The task: Within the lines below, the span from the line with "The layout works" to the line with "2020国家公祭日南京大屠杀爱国教育主题班会党课PPT模板", both ends included, is to be reproduced exactly, with pictures omitted.

Source records:
────────────────────

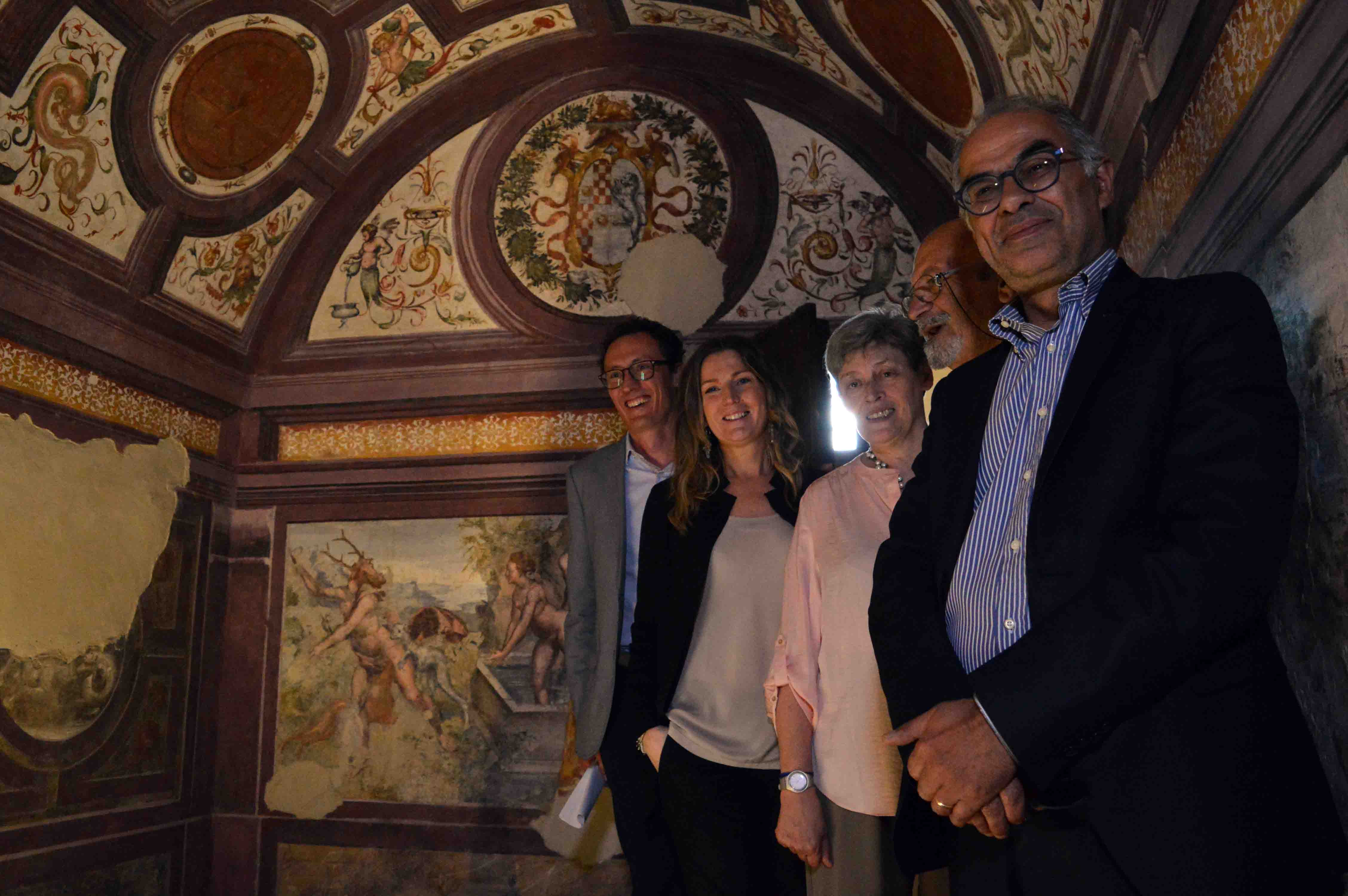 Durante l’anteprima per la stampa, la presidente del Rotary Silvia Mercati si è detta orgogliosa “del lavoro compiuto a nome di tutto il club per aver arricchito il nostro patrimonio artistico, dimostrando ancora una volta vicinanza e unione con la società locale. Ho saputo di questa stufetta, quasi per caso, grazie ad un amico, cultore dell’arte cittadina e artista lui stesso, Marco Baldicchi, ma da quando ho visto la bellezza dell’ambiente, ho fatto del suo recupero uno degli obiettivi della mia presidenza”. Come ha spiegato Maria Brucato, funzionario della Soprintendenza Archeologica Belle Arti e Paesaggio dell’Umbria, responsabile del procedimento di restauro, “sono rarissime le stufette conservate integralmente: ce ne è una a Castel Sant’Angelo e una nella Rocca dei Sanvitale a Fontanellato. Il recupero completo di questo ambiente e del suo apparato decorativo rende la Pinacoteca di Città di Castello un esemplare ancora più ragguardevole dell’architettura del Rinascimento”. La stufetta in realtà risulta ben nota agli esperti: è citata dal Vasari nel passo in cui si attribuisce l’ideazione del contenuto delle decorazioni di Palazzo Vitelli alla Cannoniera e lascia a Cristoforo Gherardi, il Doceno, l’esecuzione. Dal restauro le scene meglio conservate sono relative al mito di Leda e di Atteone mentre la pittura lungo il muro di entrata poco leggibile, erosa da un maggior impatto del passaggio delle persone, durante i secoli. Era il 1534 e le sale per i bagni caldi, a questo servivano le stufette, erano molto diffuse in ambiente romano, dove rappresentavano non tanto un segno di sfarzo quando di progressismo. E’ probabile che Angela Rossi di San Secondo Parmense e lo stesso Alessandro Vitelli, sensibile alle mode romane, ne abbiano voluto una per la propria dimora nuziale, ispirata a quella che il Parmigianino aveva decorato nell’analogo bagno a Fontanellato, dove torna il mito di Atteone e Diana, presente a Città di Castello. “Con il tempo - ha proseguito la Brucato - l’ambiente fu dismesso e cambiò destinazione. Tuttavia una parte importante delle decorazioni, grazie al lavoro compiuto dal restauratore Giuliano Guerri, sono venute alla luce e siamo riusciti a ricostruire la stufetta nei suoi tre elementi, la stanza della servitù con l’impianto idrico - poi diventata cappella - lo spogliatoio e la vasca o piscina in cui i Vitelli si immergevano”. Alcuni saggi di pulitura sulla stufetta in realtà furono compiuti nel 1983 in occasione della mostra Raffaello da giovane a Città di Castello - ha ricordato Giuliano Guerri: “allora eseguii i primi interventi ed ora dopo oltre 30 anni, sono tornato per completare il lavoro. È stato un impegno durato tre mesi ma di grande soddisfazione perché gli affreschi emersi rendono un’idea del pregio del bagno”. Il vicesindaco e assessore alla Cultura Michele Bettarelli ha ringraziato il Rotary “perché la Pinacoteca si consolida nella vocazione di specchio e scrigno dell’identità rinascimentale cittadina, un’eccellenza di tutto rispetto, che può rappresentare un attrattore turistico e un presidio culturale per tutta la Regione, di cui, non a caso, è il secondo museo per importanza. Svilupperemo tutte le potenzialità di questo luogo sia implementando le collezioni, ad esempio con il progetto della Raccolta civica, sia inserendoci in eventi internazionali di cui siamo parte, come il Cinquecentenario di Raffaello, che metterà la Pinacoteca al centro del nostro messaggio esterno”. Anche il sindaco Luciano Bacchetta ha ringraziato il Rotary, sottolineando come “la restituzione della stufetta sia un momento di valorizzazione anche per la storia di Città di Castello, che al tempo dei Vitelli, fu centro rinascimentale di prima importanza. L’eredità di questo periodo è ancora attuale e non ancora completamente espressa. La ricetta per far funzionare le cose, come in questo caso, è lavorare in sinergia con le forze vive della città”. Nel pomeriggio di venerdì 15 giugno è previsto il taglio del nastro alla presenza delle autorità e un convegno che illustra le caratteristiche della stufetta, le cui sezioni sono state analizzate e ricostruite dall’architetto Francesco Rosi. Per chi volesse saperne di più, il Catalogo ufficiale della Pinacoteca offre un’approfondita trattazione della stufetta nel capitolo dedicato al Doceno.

────────────────────

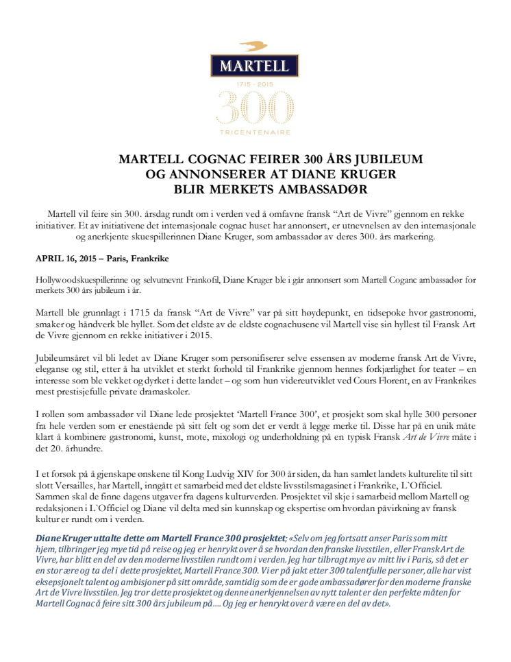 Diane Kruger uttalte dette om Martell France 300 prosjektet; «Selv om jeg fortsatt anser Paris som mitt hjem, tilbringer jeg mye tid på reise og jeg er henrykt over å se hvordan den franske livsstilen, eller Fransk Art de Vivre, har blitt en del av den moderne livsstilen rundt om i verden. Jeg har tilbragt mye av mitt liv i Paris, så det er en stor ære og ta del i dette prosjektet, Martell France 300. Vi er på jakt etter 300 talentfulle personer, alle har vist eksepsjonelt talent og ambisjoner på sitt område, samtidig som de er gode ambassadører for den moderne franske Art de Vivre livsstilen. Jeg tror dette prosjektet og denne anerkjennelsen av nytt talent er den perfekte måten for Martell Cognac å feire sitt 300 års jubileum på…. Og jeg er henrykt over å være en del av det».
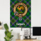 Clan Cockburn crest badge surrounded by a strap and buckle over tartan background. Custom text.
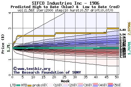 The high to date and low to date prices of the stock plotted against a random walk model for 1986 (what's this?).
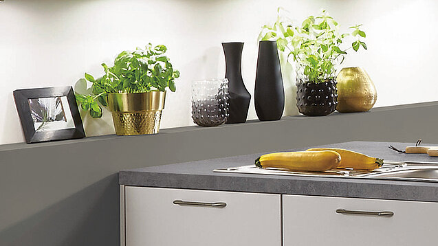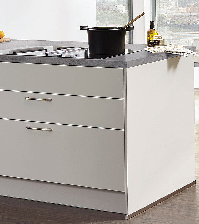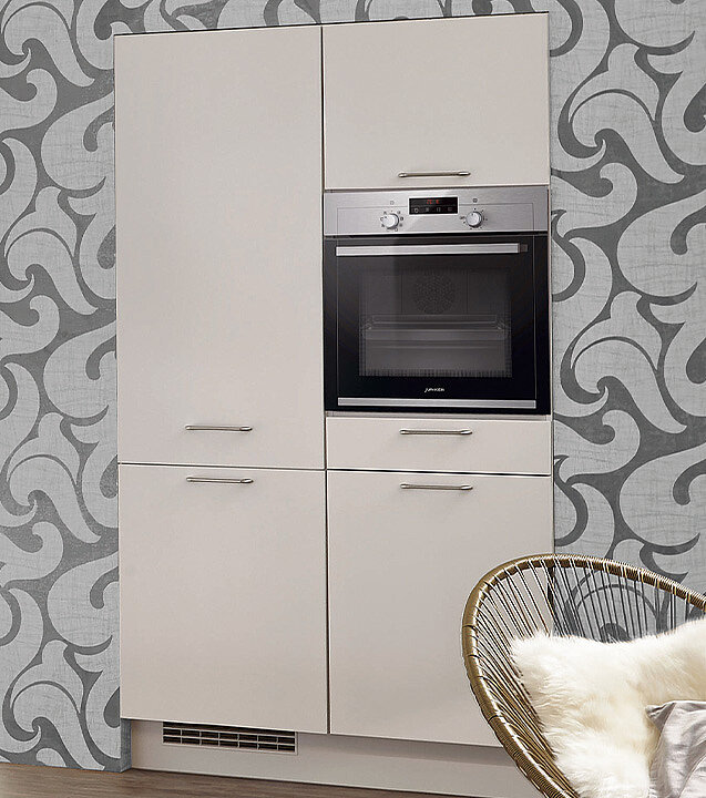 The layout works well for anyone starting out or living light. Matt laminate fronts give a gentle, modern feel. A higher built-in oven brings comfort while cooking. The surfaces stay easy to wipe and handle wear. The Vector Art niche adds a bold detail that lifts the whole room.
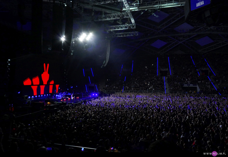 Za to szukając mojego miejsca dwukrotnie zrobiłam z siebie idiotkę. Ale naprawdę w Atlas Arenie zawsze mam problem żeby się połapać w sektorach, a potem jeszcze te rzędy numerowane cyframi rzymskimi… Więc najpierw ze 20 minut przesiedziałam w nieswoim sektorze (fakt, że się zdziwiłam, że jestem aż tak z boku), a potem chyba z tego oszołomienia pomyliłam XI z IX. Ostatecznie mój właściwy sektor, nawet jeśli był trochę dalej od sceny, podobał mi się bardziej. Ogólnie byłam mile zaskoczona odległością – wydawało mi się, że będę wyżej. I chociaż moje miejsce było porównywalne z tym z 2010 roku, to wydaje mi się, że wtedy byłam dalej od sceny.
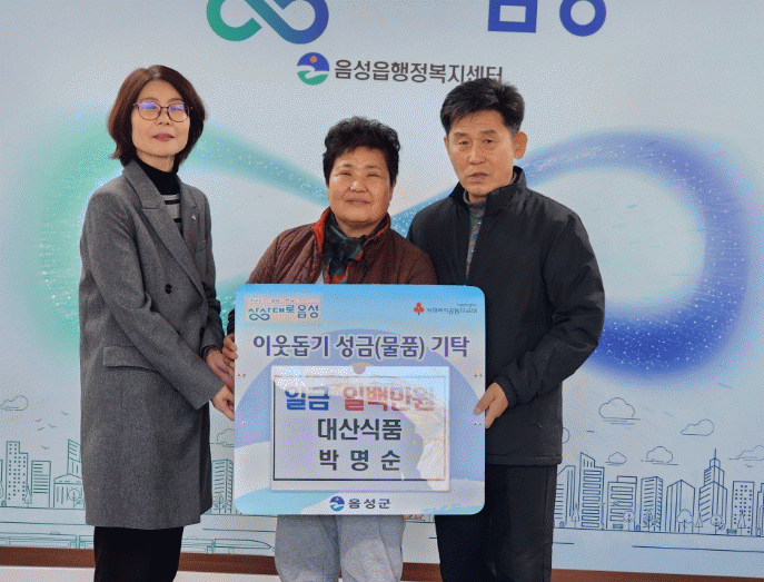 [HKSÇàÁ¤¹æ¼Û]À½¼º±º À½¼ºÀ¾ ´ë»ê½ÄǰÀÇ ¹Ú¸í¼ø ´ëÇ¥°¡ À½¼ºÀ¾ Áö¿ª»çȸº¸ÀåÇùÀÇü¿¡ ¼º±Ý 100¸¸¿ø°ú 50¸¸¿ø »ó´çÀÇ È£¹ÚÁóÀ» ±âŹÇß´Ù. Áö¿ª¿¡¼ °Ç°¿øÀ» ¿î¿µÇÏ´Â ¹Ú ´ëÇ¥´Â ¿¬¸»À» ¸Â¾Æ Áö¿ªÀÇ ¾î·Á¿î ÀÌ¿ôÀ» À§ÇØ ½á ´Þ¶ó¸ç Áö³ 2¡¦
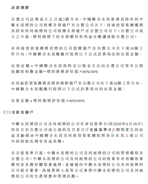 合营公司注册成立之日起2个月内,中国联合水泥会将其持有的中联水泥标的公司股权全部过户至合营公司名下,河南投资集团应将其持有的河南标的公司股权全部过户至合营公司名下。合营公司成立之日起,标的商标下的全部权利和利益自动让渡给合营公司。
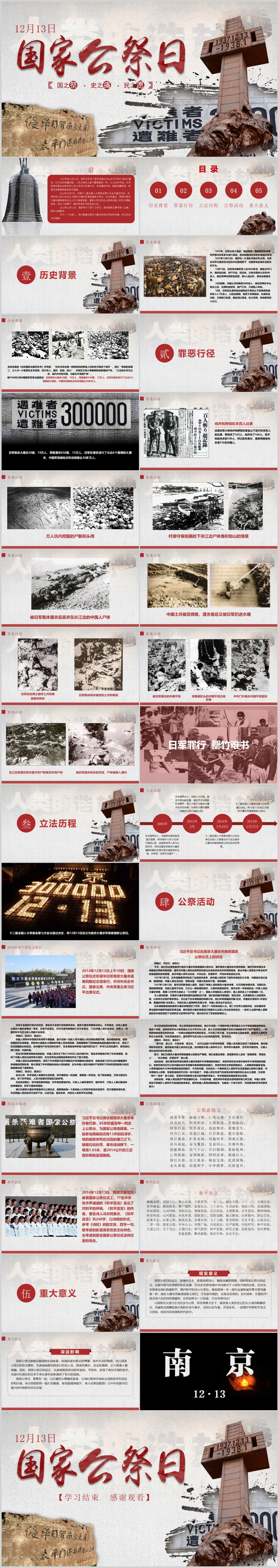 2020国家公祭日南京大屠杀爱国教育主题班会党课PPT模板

────────────────────

Finished exercise:
 The layout works well for anyone starting out or living light. Matt laminate fronts give a gentle, modern feel. A higher built-in oven brings comfort while cooking. The surfaces stay easy to wipe and handle wear. The Vector Art niche adds a bold detail that lifts the whole room.
 Za to szukając mojego miejsca dwukrotnie zrobiłam z siebie idiotkę. Ale naprawdę w Atlas Arenie zawsze mam problem żeby się połapać w sektorach, a potem jeszcze te rzędy numerowane cyframi rzymskimi… Więc najpierw ze 20 minut przesiedziałam w nieswoim sektorze (fakt, że się zdziwiłam, że jestem aż tak z boku), a potem chyba z tego oszołomienia pomyliłam XI z IX. Ostatecznie mój właściwy sektor, nawet jeśli był trochę dalej od sceny, podobał mi się bardziej. Ogólnie byłam mile zaskoczona odległością – wydawało mi się, że będę wyżej. I chociaż moje miejsce było porównywalne z tym z 2010 roku, to wydaje mi się, że wtedy byłam dalej od sceny.
 [HKSÇàÁ¤¹æ¼Û]À½¼º±º À½¼ºÀ¾ ´ë»ê½ÄǰÀÇ ¹Ú¸í¼ø ´ëÇ¥°¡ À½¼ºÀ¾ Áö¿ª»çȸº¸ÀåÇùÀÇü¿¡ ¼º±Ý 100¸¸¿ø°ú 50¸¸¿ø »ó´çÀÇ È£¹ÚÁóÀ» ±âŹÇß´Ù. Áö¿ª¿¡¼ °Ç°¿øÀ» ¿î¿µÇÏ´Â ¹Ú ´ëÇ¥´Â ¿¬¸»À» ¸Â¾Æ Áö¿ªÀÇ ¾î·Á¿î ÀÌ¿ôÀ» À§ÇØ ½á ´Þ¶ó¸ç Áö³ 2¡¦
 合营公司注册成立之日起2个月内,中国联合水泥会将其持有的中联水泥标的公司股权全部过户至合营公司名下,河南投资集团应将其持有的河南标的公司股权全部过户至合营公司名下。合营公司成立之日起,标的商标下的全部权利和利益自动让渡给合营公司。
 2020国家公祭日南京大屠杀爱国教育主题班会党课PPT模板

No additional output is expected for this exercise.